Why NPS investors should avoid alternate investment funds
The new category introduced two years ago does not offer a very attractive risk-reward ratio to NPS investors.

Private sector NPS subscribers can now invest up to 5 percent of their corpus in alternate investments, including alternate investment funds (AIFs), real estate investment trusts (REITs) and infrastructure investment trusts (InvITs), and so on.
However, the plans, or ‘A’ class of funds, have not really kicked off. The corpus managed under these plans is insignificant, with the combined assets under management (AUM) of all pension funds standing at less than Rs 5 crore. This is a fraction of the Rs 12,985 crore AUM of private sector NPS funds. HDFC Pension Fund has the largest corpus at Rs 2 crore. Other pension fund managers’ alternate investment plans have less than Rs 1 crore in assets—the minimum lot size needed for investment in any alternate investment vehicle. Since flows are low, most fund managers have parked these flows elsewhere. As Sandeep Shrikhande, CEO, Kotak Pension Fund, says, “Most pension fund managers are not in a position to deploy these flows in alternate investments.” Most of the money is temporarily parked in perpetual bonds offered by banks.
Not better than equities
Alternative investment funds outperformed debt but have lagged equity funds

Data as on 20 April, 2018 Source: Value Research
As on 31 March, HDFC Pension Fund had invested around 70% of its alternate investment plan in these bonds with the rest in liquid funds and cash. ICICI Prudential Pension Fund holds around 89% of its scheme A allocation in perpetual bonds.

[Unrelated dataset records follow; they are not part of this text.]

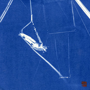 The circus has come to town. I went to meet the circus. For a week, they welcomed me in the middle of the caravans, during rehearsals and I attended many performances. I rewrote these images using an old monochrome negative photographic process, the cyanotype. Thanks to UV light (from the sun or from a lamp), we obtain a Prussian blue, cyan blue photographic print. This technique was developed in 1842 by the English scientist and astronomer John Frederick William Herschel.
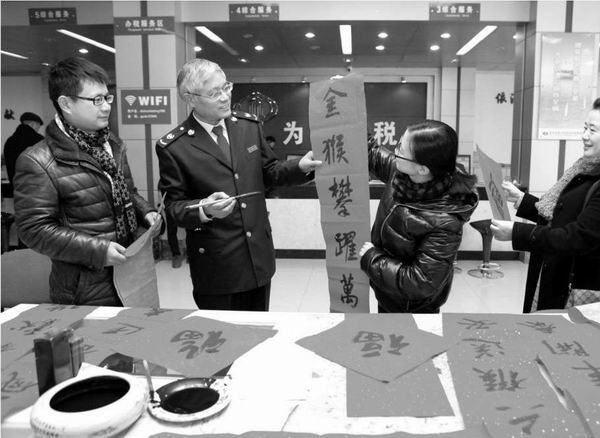 中国税务 2016年 第3期 图片新闻 图片新闻 上一篇 下一篇 春节前夕,江西省高安市地方税务局组织该局书法爱好者在办税服务厅现场写春联,赠送给前来办税的纳税人,以此感谢纳税人对税收工作的理解和支持。
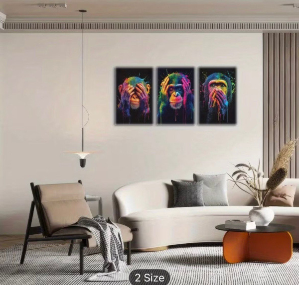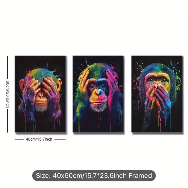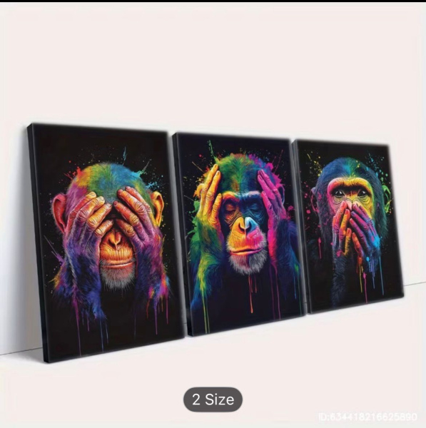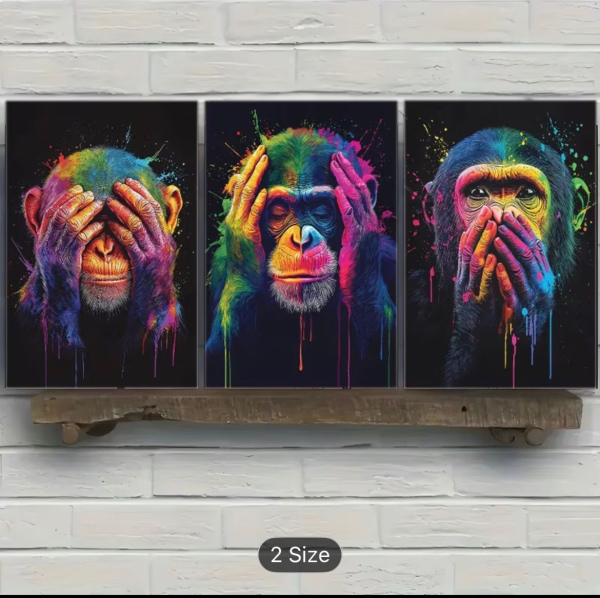 Original Three Wise Monkey Wall Decoration- 3 pieces, framed.
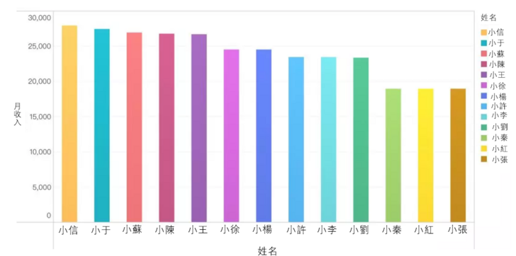 你看到這張圖,直接就會找圖中柱形最高的三個人,省去了腦海中比較資料的步驟,花費時間1秒不到,這就是一個簡單的資料視覺化。
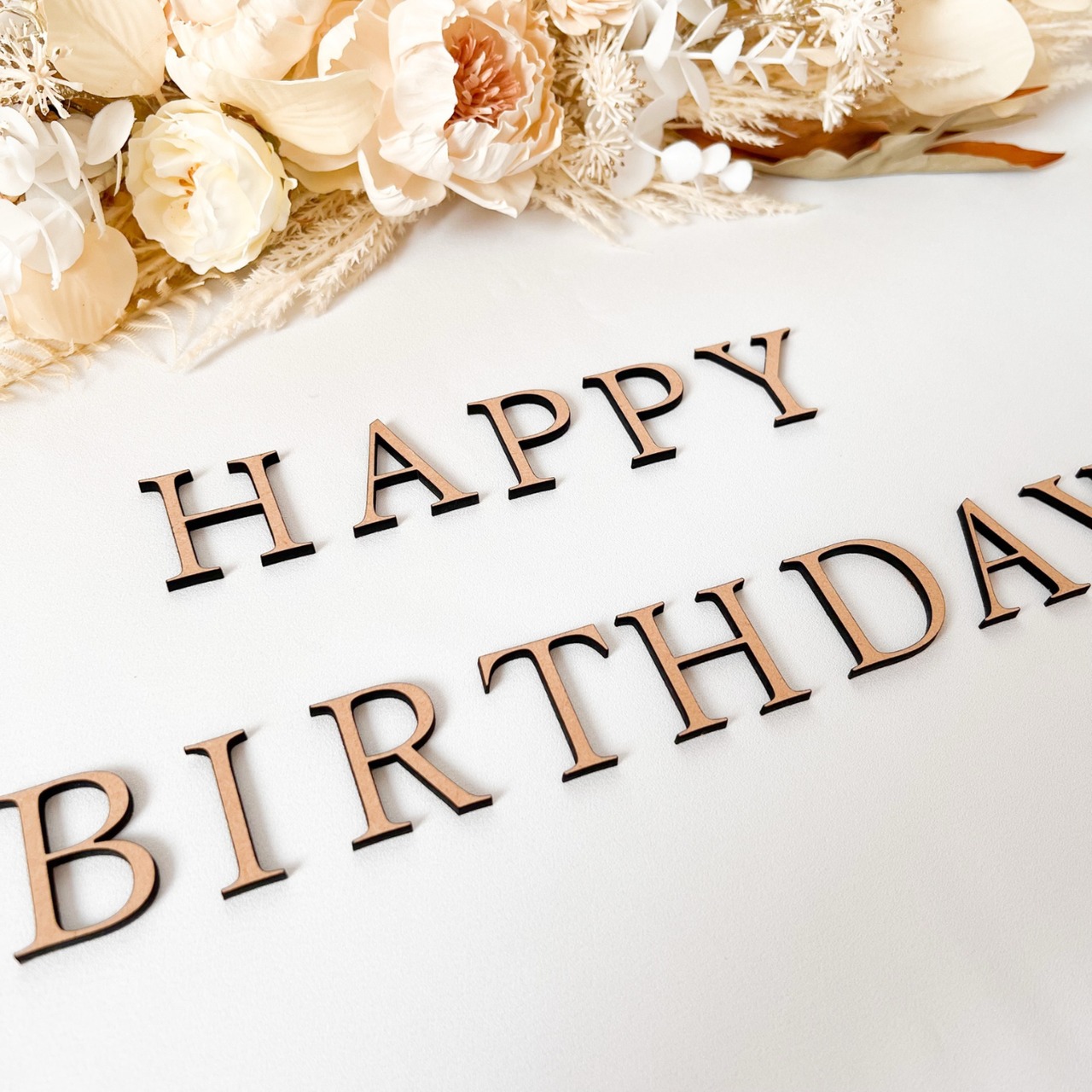 「HAPPY BIRTHDAY」の文字を、おしゃれなフォントでデザイン。

The bonds are fixed income securities with no maturity date that yield a steady stream of interest income in perpetuity As far as performance is concerned, alternate investments have generated healthy returns. They have gained 7.5% on an average over the past year. The equity portion of NPS clocked nearly 15% return on an average, while returns from the government bond plan and corporate debt plan have averaged 3.5% and 5.1% respectively.
Pension fund managers says managing the alternate investment portion of NPS is a challenge. There is little awareness about alternate investments as it is not really a retail product. The asset class was introduced to give individuals a chance to participate in securities not typically accessible for retail investors. As it is not an automatic part of the NPS structure, investors have to actively ‘opt into’ the asset class. The products forming a part of alternate investments are relatively new concepts in India.

REITs and InvITs— pooled investment vehicles that generate income from investment in properties and infrastructure projects—were introduced revcently. Only two InvITs— IRB InvIT Fund and Indiagrid Trust—have got listed so far while not a single REIT has been launched. Despite various relaxations, more listings have not taken place as they have failed to attract investors.
Rules state pension fund managers can only invest in AIFs with corpus equal to or more than Rs 100 crore, and in instruments having a minimum rating of AA and above. Feroze Azeez, Deputy CEO, Anand Rathi Private Wealth, feels NPS investors can do without exposure to alternate investments. The track record of AIFs is not very healthy, he says, with equity funds performing far better than corresponding alternate funds.